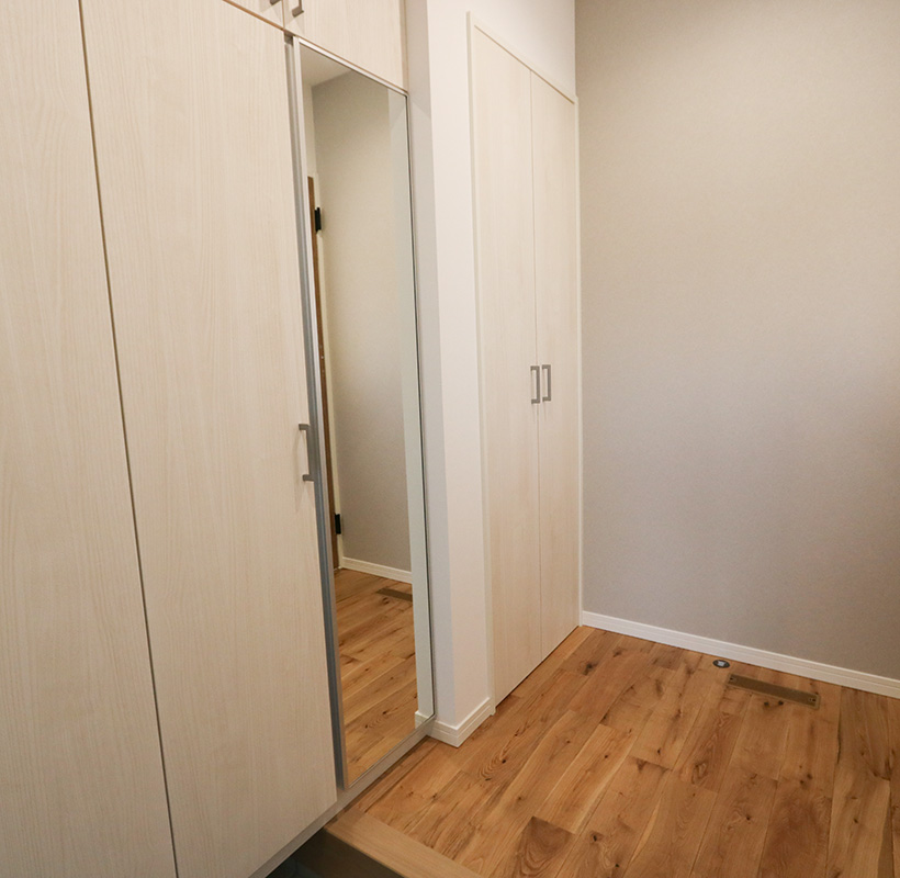 大きな姿見やたくさんの収納力で外出が楽しくなる玄関
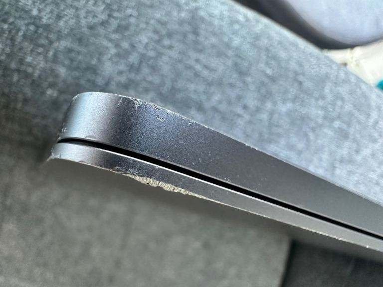 There is also a crack along the very bottom of the screen across the MacBook logo (see pictures). This has been there for years and has not expanded. It does not impact the actual screen (the entire visible screen area is above this strip).
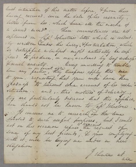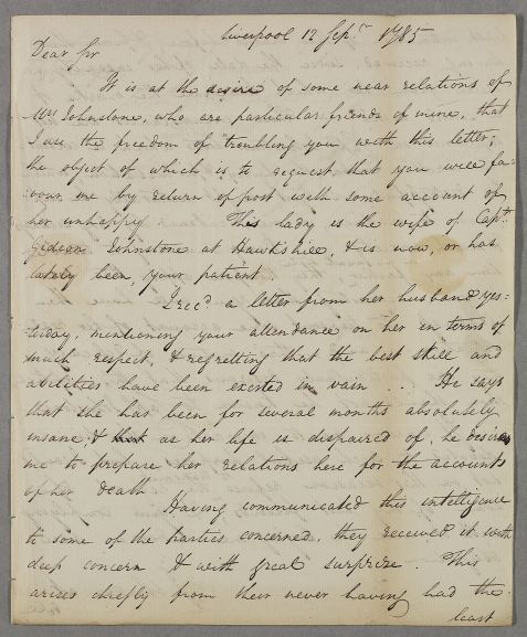 Letter from Dr James Currie concerning the case of Mrs Johnstone, the wife of Captain Gideon Johnstone of Hawkhill, who 'is now, or has lately been, your patient'. Mrs Johnstone's relations at Liverpool are perturbed at news that she has been insane for some time when their last communication with her suggested nothing was wrong with her.
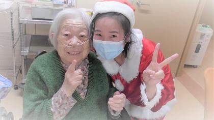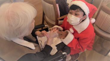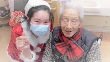 サンタクロースのマイさんからプレゼントと一緒に、「私の元気をあげます!たくさん長生きしてください」のメッセージも。
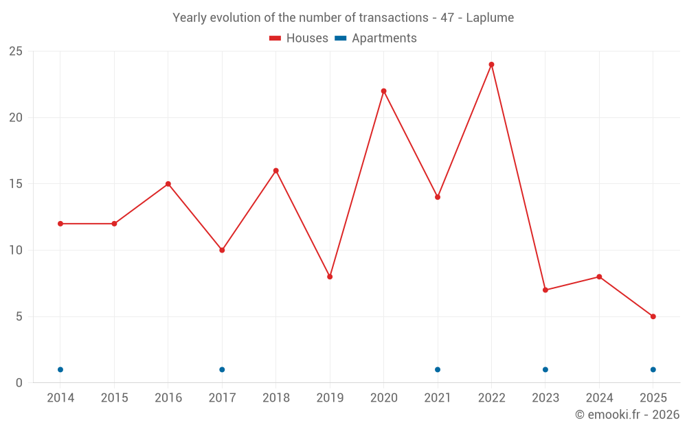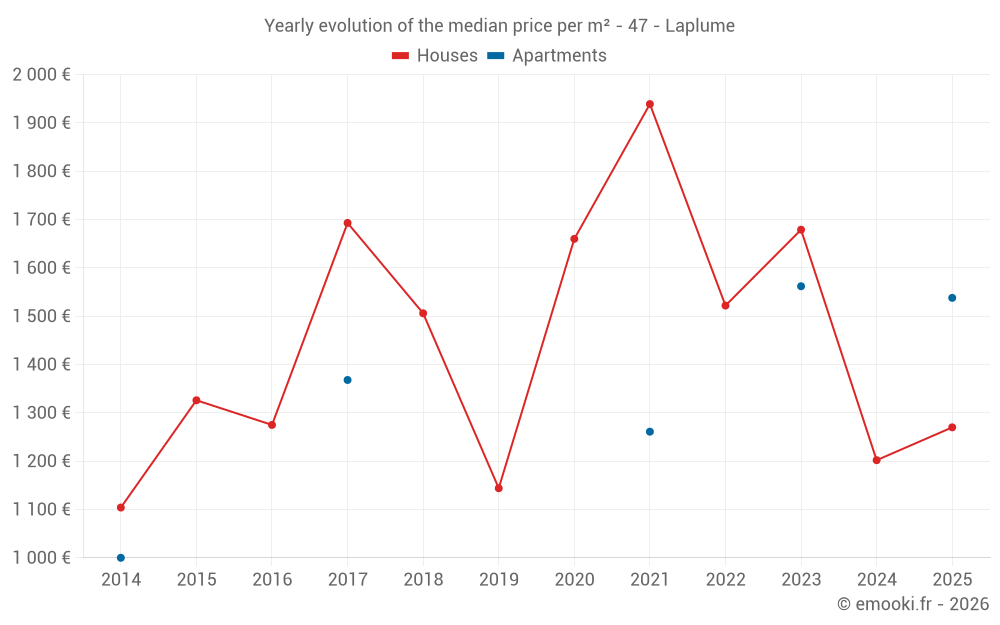 The median price on the 16 house transactions of the last 24 months in the municipality of Laplume was 1 406 € per square meter for a median property value of 155 000 €. Over this period, 60% of transactions were between 1 058 and 2 244 € per square meter (from the 2nd to the 8th deciles).
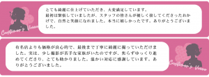 スタッフの距離感が心地よく、リラックスして撮影できたという声も多数。
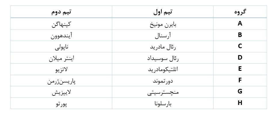 مرحله گروهی لیگ قهرمانان فوتبال اروپا به پایان رسید و ١٦ تیم به یکهشتم نهایی صعود کردند. در نهایت ٤ تیم از اسپانیا، ٣ تیم از آلمان، ٣ تیم از ایتالیا، ٢ تیم از انگلستان و یک تیم از دنمارک، پرتگال، هالند، و فرانسه به مرحله حذفی راه یافتند. به نظر شما کدام تیم قهرمان خواهد شد؟
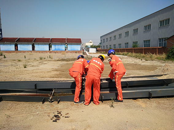 搬迁工人用氧焊切割水稳拌和设备底座
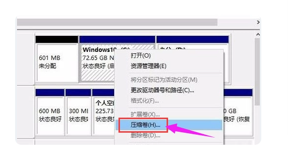 3、在窗口的右下邊可以看到磁盤,選中要分區的磁盤點擊鼠標右鍵,選擇“壓縮卷”。
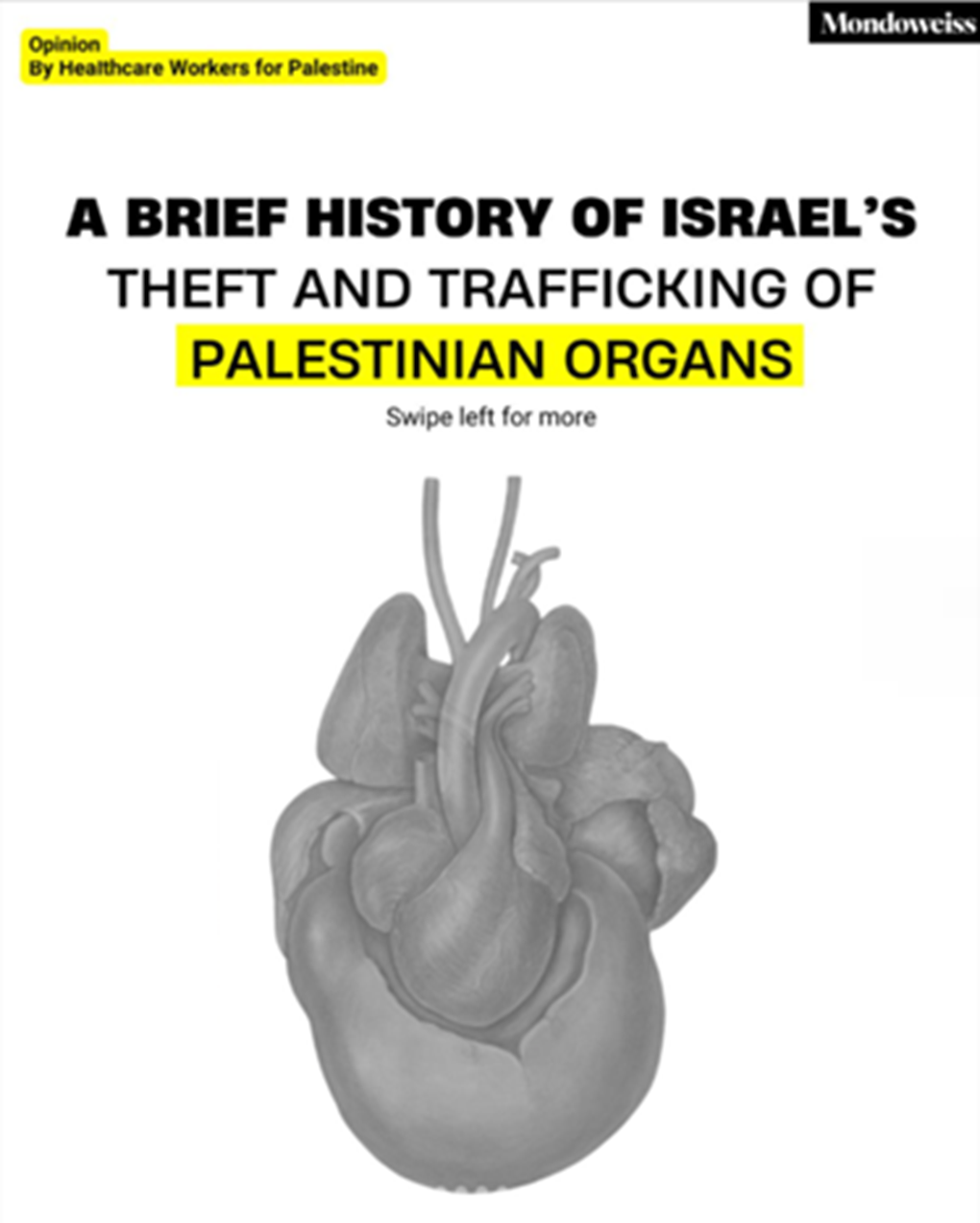 Em 2009, uma alta autoridade israelense, o professor Yehuda Hiss, ex-chefe médico do Instituto de Medicina Legal do Estado, admitiu em uma entrevista que, por anos e sem consentimento, seu instituto havia retirado órgãos de corpos de palestinos, mas também de israelenses e imigrantes.
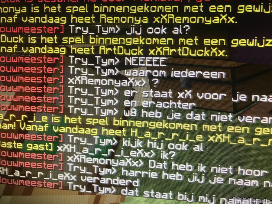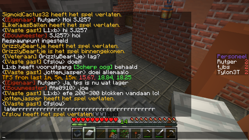 Het kleurenschema van de chat is iets aangepast. Voor de update naar 1.17 waren de kleuren wat lichter. Alleen, het heel was lastig leesbaar op Discord, en het rood vond ik net iets te rozig. Daarom zijn alle kleuren nu wat donkerder geworden. En daarnaast is de kleur van de privéberichten en groepen veranderd van oranje naar paars, omdat oranje teveel op de andere kleuren begon te lijken.

....

EXERCISE DETAILS: An exact copy of the lines above, from the first through the line that holds "サンタクロースのマイさんから", is what is needed; leave the pictures out.

RESPONSE TO THIS EXERCISE:
 大きな姿見やたくさんの収納力で外出が楽しくなる玄関
 There is also a crack along the very bottom of the screen across the MacBook logo (see pictures). This has been there for years and has not expanded. It does not impact the actual screen (the entire visible screen area is above this strip).
 Letter from Dr James Currie concerning the case of Mrs Johnstone, the wife of Captain Gideon Johnstone of Hawkhill, who 'is now, or has lately been, your patient'. Mrs Johnstone's relations at Liverpool are perturbed at news that she has been insane for some time when their last communication with her suggested nothing was wrong with her.
 サンタクロースのマイさんからプレゼントと一緒に、「私の元気をあげます!たくさん長生きしてください」のメッセージも。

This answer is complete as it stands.